(Task details): Please transcribe every entry below exactly, without including the pictures.

Items from a dataset
╔══
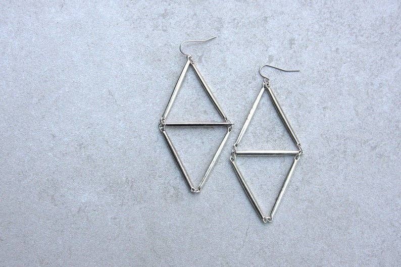 Prisms and geometric designs are in this season, and these large, dangling earrings are simple but big in statement. They look especially good with long hair and are comfortable for all day wear. Earrings are 3" x 1.5".
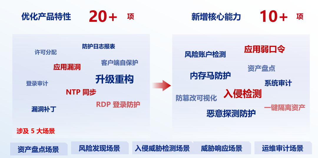 安恒EDR作为数字资产守门人的重要代表,在过去的一年当中,结合实战工作场景,优化了应用补丁、RDP登录防护等20余项产品特性,新增了风险账户检测、恶意探测防护、内存马防护等10多余安全能力,全面适用于实网攻防对抗和高级威胁检测等场景。
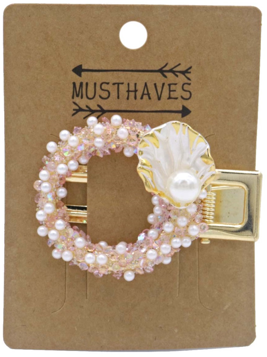 A-E24.1 H814-001-5 Hair Clip 5x4cm Pearls Pink
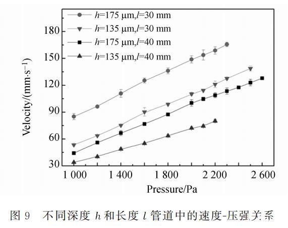 管道中充滿水時的速度-壓強關(guān)系如圖9所示。管道截面尺寸主要通過等效水力直徑影響摩擦阻力系數(shù)。由于管道深度遠小于寬度,管道的等效水力直徑取決于管道深度,故這里固定管道寬度而對不同深度的管道進行比較分析。由圖9可知,壓強一定,管道越深,長度越短,對應的流速越大。圖中每條曲線的最大壓強就是測量中每個管道的最大許可壓強,這些壓強值都大于表1中的最大許可壓強實測值。這一方面是由于柵網(wǎng)孔徑分布不均勻,另一方面是由于沿程水頭損失作用,管道中壓強分布沿流動方向減小,導致最大壓強沒有出現(xiàn)在孔徑最大的地方,從而得到的壓強大于靜止狀態(tài)下測得的最大許可壓強。
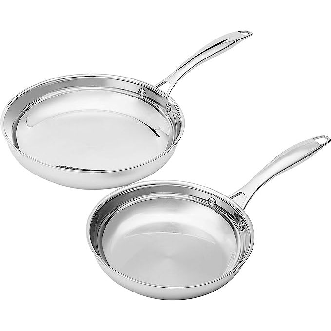 Silver Riveted Handle Frying Pan Set, Oven Safe - 8-Inch & 10-Inch
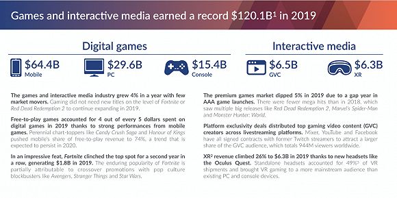 报告显示,2019年全球电子游戏收入若计入新兴互动媒体(游戏直播、VR、AR游戏),去年全球游戏规模达1201亿美元,总体增长了3%。
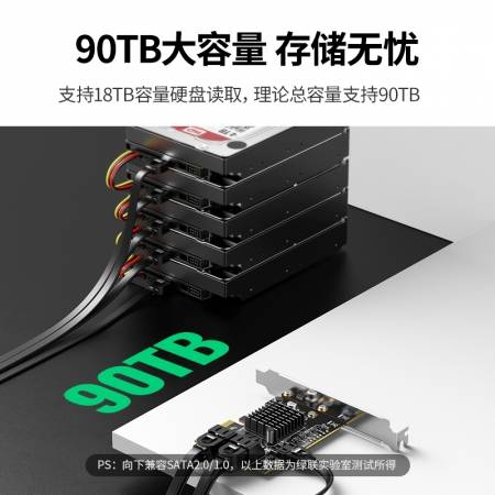 绿联cm528是一款主机pci-e转sata五口扩展卡。扩展卡配备5个sata3.0接口,符合pci-e3.0规范,单口支持18tb大容量硬盘读取;同时采用jmb585强劲芯片,理论传输高达6gbps,让传输又快又稳,主机扩展更强劲。
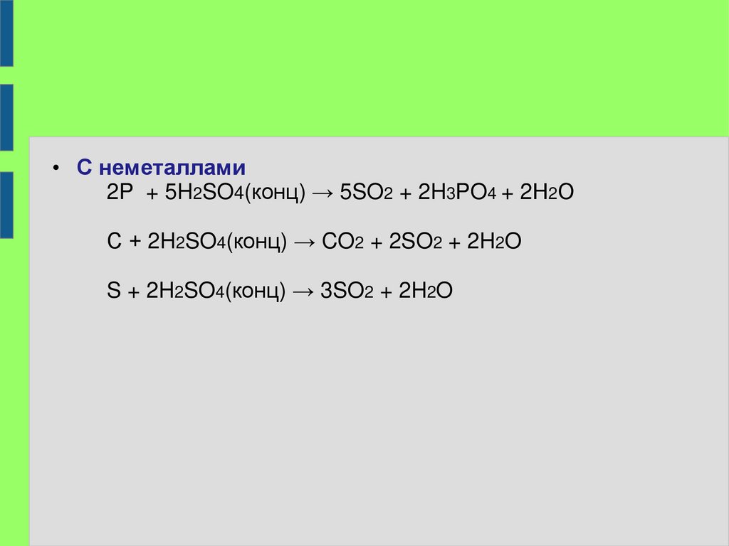 • С неметаллами2P + 5H2SO4(конц) → 5SO2 + 2H3PO4 + 2Н2О
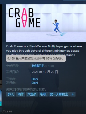 《Crab game》翻译为《螃蟹游戏》,这款画风酷似4399小游戏的作品,光从游戏名字和识别度奇高的运动衫大家就能得出它蹭的是谁的热度。
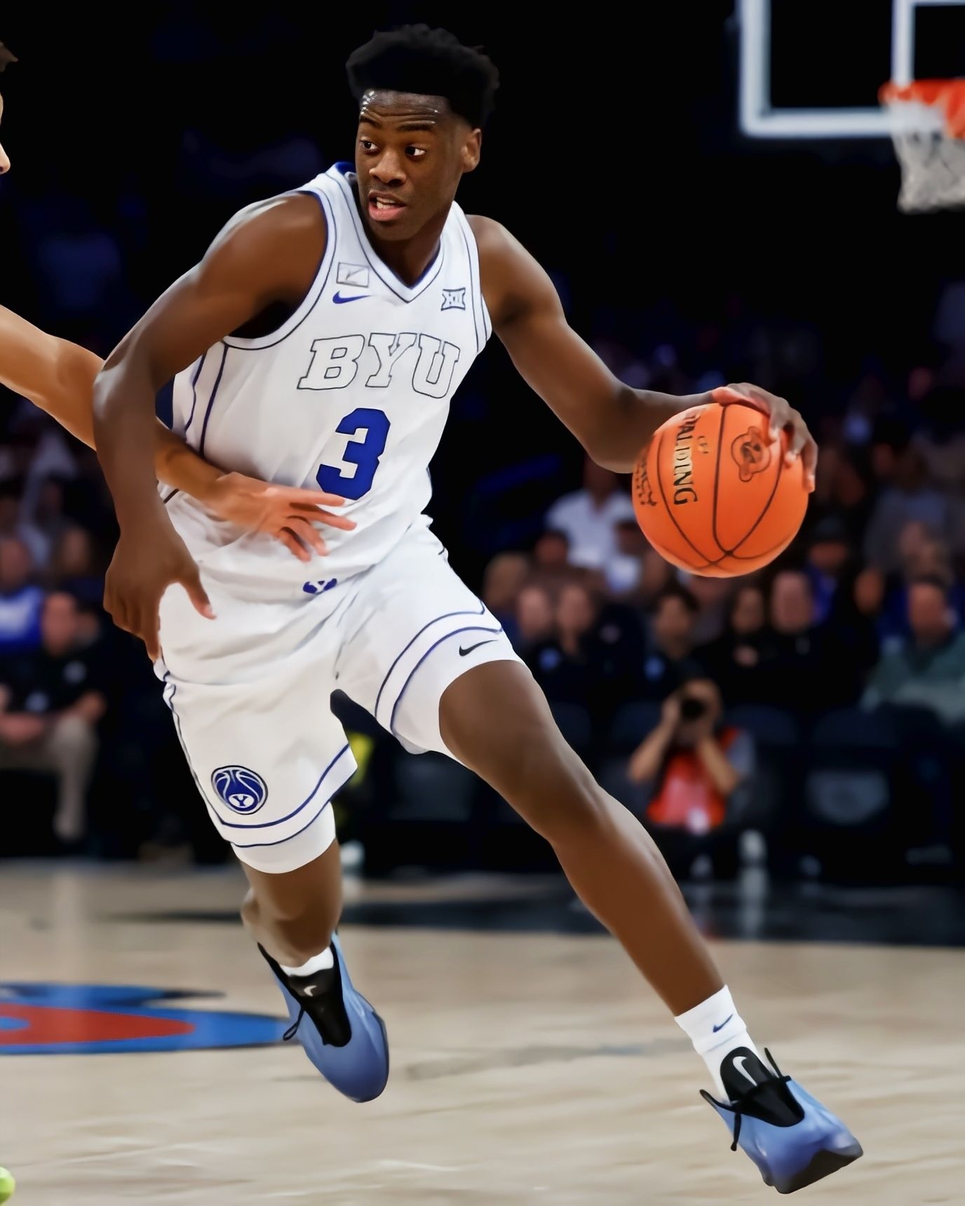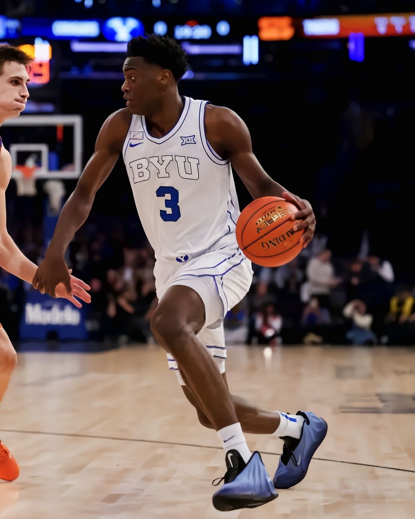 NCAA常规赛杨百翰67-64险胜克莱姆森的22分大逆转里,AJ-迪班察34分钟狂砍28分9篮板6助攻,下半场独揽22分的关键表现里,他脚上这双渐变蓝Nike G.T Future也全程在线。 从赛场看: - 材质/外观:鞋面是褶皱质感的合成材质,搭配渐变蓝配色+透气孔设计,既保证了轻量化(单只约340g),又和杨百翰队服色调高度契合,镜头里跑动时辨识度拉满。 - 实战表现:迪班察多次...
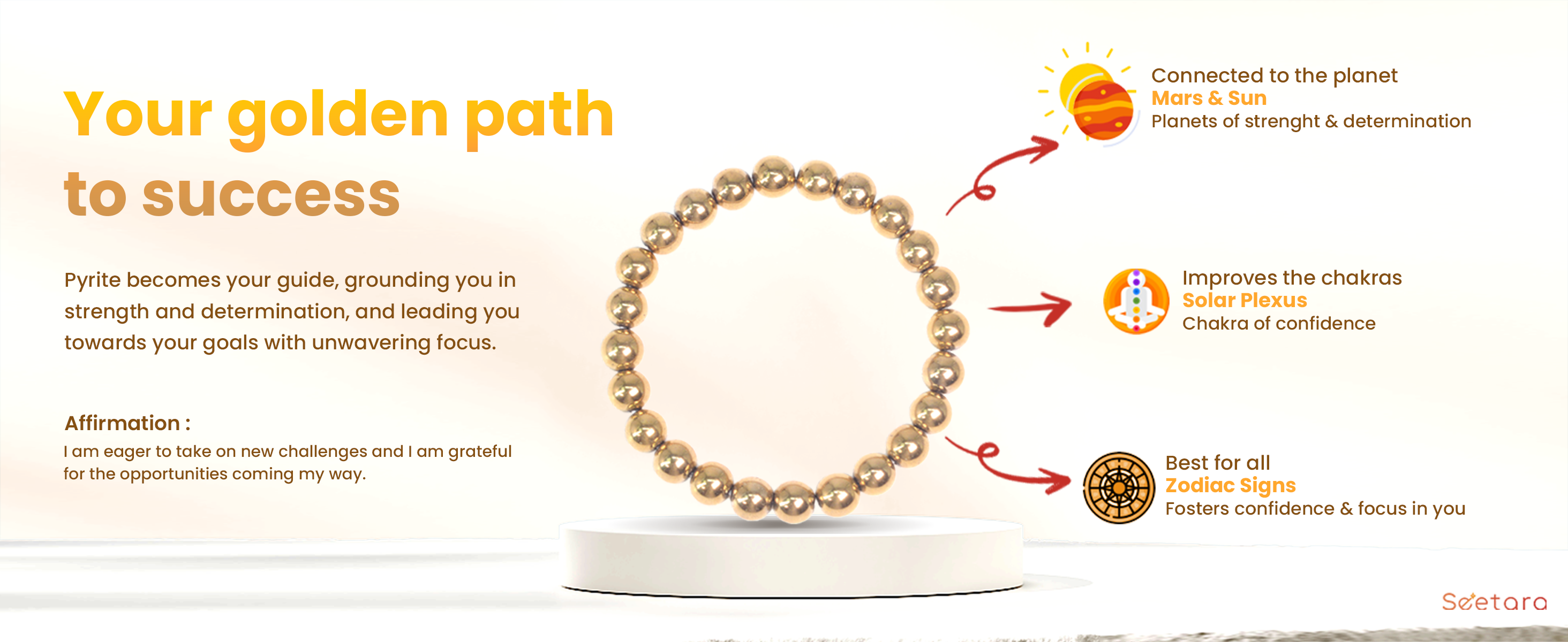 Golden Pyrite Healing Crystal Bracelet | For Abundance & Strength
╚══
(Written answer):
 Prisms and geometric designs are in this season, and these large, dangling earrings are simple but big in statement. They look especially good with long hair and are comfortable for all day wear. Earrings are 3" x 1.5".
 安恒EDR作为数字资产守门人的重要代表,在过去的一年当中,结合实战工作场景,优化了应用补丁、RDP登录防护等20余项产品特性,新增了风险账户检测、恶意探测防护、内存马防护等10多余安全能力,全面适用于实网攻防对抗和高级威胁检测等场景。
 A-E24.1 H814-001-5 Hair Clip 5x4cm Pearls Pink
 管道中充滿水時的速度-壓強關(guān)系如圖9所示。管道截面尺寸主要通過等效水力直徑影響摩擦阻力系數(shù)。由于管道深度遠小于寬度,管道的等效水力直徑取決于管道深度,故這里固定管道寬度而對不同深度的管道進行比較分析。由圖9可知,壓強一定,管道越深,長度越短,對應的流速越大。圖中每條曲線的最大壓強就是測量中每個管道的最大許可壓強,這些壓強值都大于表1中的最大許可壓強實測值。這一方面是由于柵網(wǎng)孔徑分布不均勻,另一方面是由于沿程水頭損失作用,管道中壓強分布沿流動方向減小,導致最大壓強沒有出現(xiàn)在孔徑最大的地方,從而得到的壓強大于靜止狀態(tài)下測得的最大許可壓強。
 Silver Riveted Handle Frying Pan Set, Oven Safe - 8-Inch & 10-Inch
 报告显示,2019年全球电子游戏收入若计入新兴互动媒体(游戏直播、VR、AR游戏),去年全球游戏规模达1201亿美元,总体增长了3%。
 绿联cm528是一款主机pci-e转sata五口扩展卡。扩展卡配备5个sata3.0接口,符合pci-e3.0规范,单口支持18tb大容量硬盘读取;同时采用jmb585强劲芯片,理论传输高达6gbps,让传输又快又稳,主机扩展更强劲。
 • С неметаллами2P + 5H2SO4(конц) → 5SO2 + 2H3PO4 + 2Н2О
 《Crab game》翻译为《螃蟹游戏》,这款画风酷似4399小游戏的作品,光从游戏名字和识别度奇高的运动衫大家就能得出它蹭的是谁的热度。
 NCAA常规赛杨百翰67-64险胜克莱姆森的22分大逆转里,AJ-迪班察34分钟狂砍28分9篮板6助攻,下半场独揽22分的关键表现里,他脚上这双渐变蓝Nike G.T Future也全程在线。 从赛场看: - 材质/外观:鞋面是褶皱质感的合成材质,搭配渐变蓝配色+透气孔设计,既保证了轻量化(单只约340g),又和杨百翰队服色调高度契合,镜头里跑动时辨识度拉满。 - 实战表现:迪班察多次...
 Golden Pyrite Healing Crystal Bracelet | For Abundance & Strength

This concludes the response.